Return all of the entries below, word for word. Omit each picture.

----- DATASET EXTRACT -----

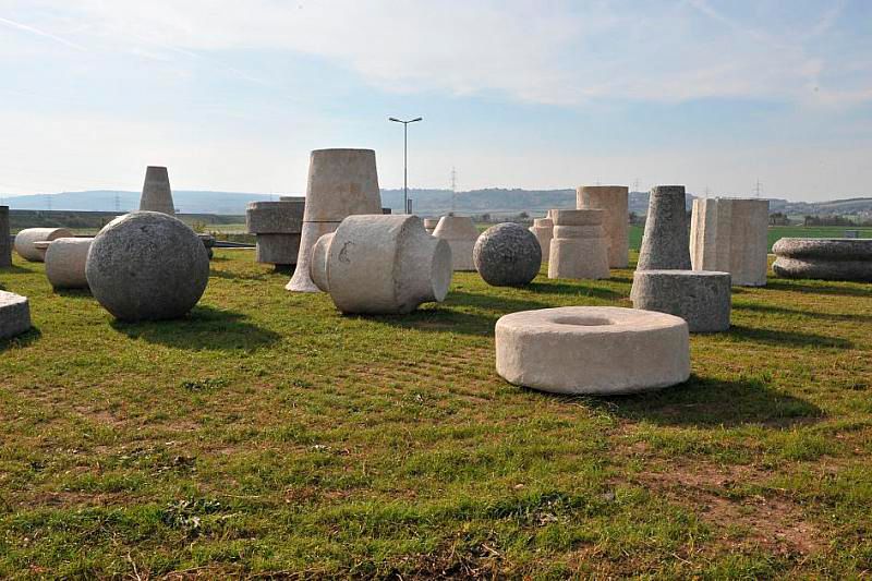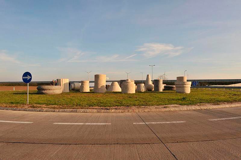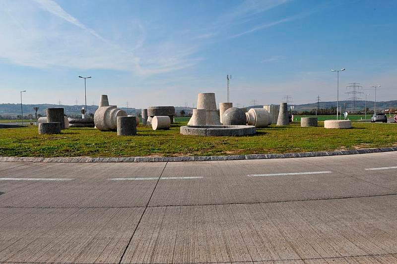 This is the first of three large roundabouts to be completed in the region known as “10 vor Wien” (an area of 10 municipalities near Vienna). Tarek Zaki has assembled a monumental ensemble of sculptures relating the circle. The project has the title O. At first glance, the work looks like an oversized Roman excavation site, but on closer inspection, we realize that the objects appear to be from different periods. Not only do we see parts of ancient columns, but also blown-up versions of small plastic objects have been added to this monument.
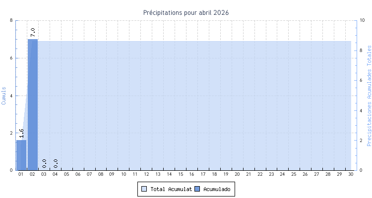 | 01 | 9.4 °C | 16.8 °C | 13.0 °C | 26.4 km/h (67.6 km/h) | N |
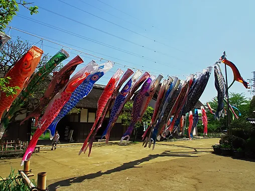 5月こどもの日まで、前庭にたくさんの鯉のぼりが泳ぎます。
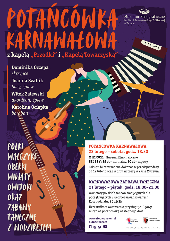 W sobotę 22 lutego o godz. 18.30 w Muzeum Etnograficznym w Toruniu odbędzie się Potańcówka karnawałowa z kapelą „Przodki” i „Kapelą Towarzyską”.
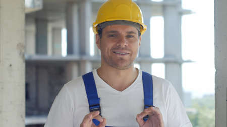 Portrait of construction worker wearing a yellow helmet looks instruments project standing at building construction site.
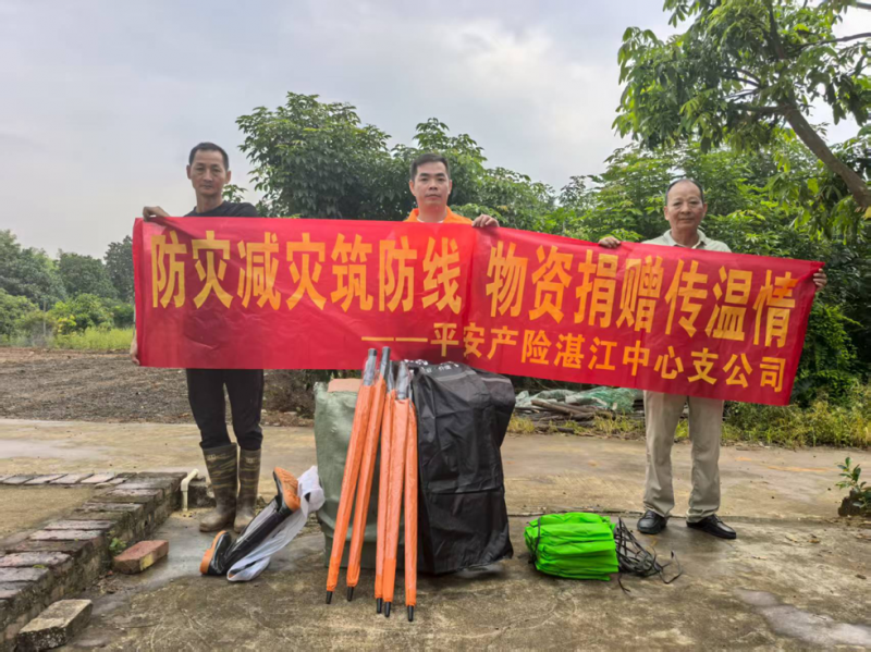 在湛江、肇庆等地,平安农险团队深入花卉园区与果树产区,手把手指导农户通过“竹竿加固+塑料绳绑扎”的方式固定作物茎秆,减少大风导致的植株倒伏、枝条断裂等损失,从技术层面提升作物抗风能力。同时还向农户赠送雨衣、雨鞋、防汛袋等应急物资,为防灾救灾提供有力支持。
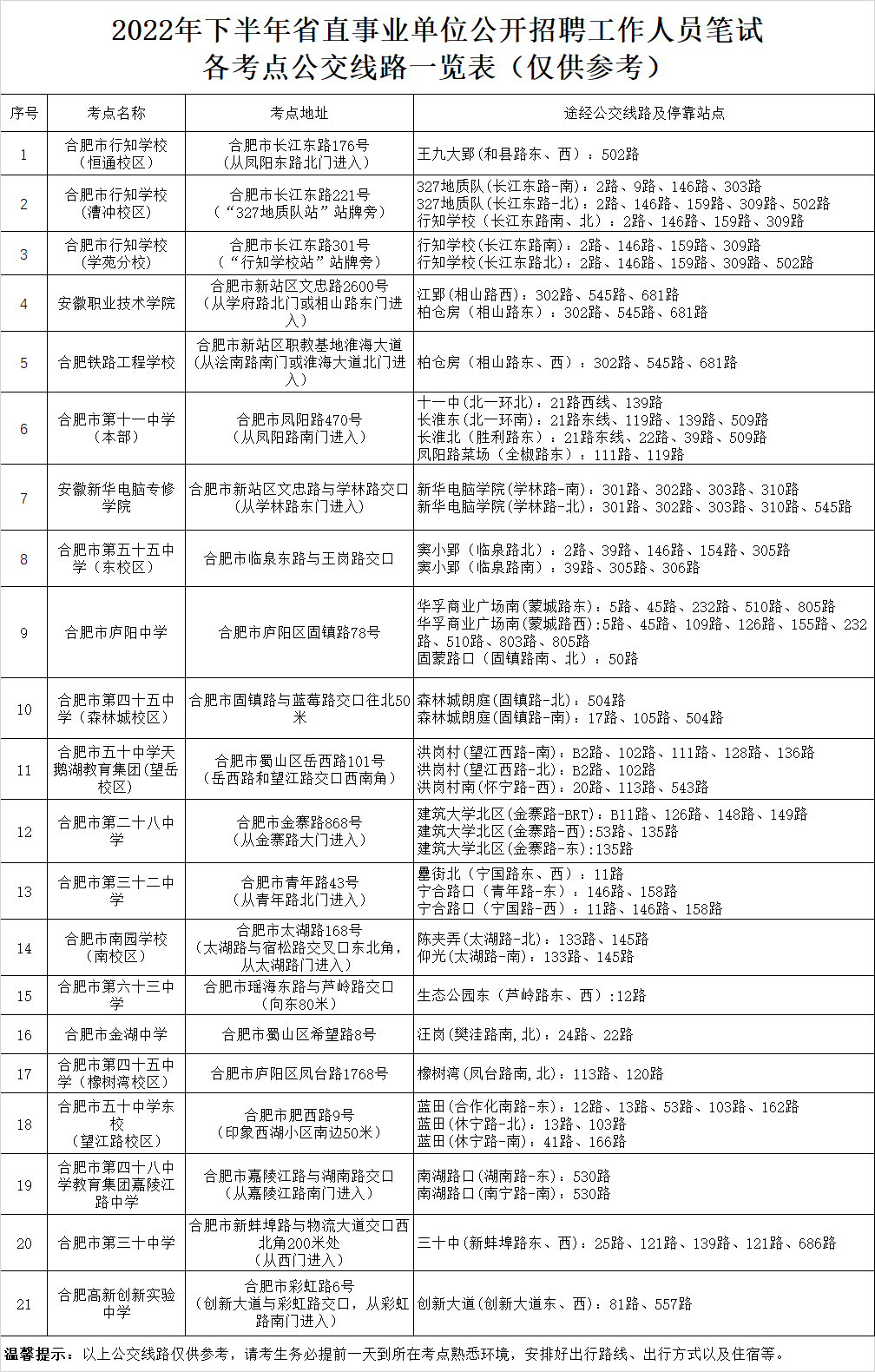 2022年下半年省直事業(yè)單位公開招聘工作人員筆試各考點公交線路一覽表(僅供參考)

-----

• [ANSWER TO THE EXERCISE]:
 This is the first of three large roundabouts to be completed in the region known as “10 vor Wien” (an area of 10 municipalities near Vienna). Tarek Zaki has assembled a monumental ensemble of sculptures relating the circle. The project has the title O. At first glance, the work looks like an oversized Roman excavation site, but on closer inspection, we realize that the objects appear to be from different periods. Not only do we see parts of ancient columns, but also blown-up versions of small plastic objects have been added to this monument.
 | 01 | 9.4 °C | 16.8 °C | 13.0 °C | 26.4 km/h (67.6 km/h) | N |
 5月こどもの日まで、前庭にたくさんの鯉のぼりが泳ぎます。
 W sobotę 22 lutego o godz. 18.30 w Muzeum Etnograficznym w Toruniu odbędzie się Potańcówka karnawałowa z kapelą „Przodki” i „Kapelą Towarzyską”.
 Portrait of construction worker wearing a yellow helmet looks instruments project standing at building construction site.
 在湛江、肇庆等地,平安农险团队深入花卉园区与果树产区,手把手指导农户通过“竹竿加固+塑料绳绑扎”的方式固定作物茎秆,减少大风导致的植株倒伏、枝条断裂等损失,从技术层面提升作物抗风能力。同时还向农户赠送雨衣、雨鞋、防汛袋等应急物资,为防灾救灾提供有力支持。
 2022年下半年省直事業(yè)單位公開招聘工作人員筆試各考點公交線路一覽表(僅供參考)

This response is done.